19. The method of claim 17, further comprising the steps of drying said cross-linked polymer and rehydrating said cross-linked polymer prior to said combining step in an aqueous solution of volume not greater than the volume of water lost therefrom during said drying step.

20. The method of claim 17, further comprising the steps of quenching said cross-linked polymer prior to said combining step with a quenching agent in an amount sufficient to inactivate remaining active sites on said cross-linked polymer.

21. The method of claim 17, further comprising the steps of quenching said cross-linked polymer prior to said combining step with a quenching agent in an amount sufficient to inactivate remaining reactive sites on said cross-linked polymer and in an aqueous solution of volume not greater than the volume of water lost therefrom during said drying step.
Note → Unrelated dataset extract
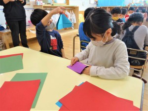 写真日記2021 11月10日 年長クラス おいもパーティー準備 2021.11.10年長クラスの子どもたちはおいもパーティーに向けてお芋を入れる入れ物を作っています。 2021 11月10日 年中クラス 粘土の活動前の記事 2021 11月11日 年少クラス 室内遊び次の記事

22. A kit useful for making a composition for delivering a compound of interest to a selected region in a subject, said kit comprising:

a first reagent, said first reagent produced by the process of cross-linking an elastin-like peptide to produce a cross-linked polymer thereof, and

a second reagent comprising said compound of interest non-covalently entrapped in said cross-linked polymer.

23. The kit of claim 22, wherein said cross-linked polymer is quenched to inactivate remaining reactive sites thereon.

24. The method of claim 1 where the resulting crosslinked bioelastomer exhibits a phase transitioning behavior, as does the uncrosslinked native bioelastomer.

25. The method of claim 1 where the phase transitioning behavior of said crosslinked bioelastomer is reversible and repeatable.

26. The method of claim 1 where the composition has a viscosity suitable for injection or delivery through a syringe.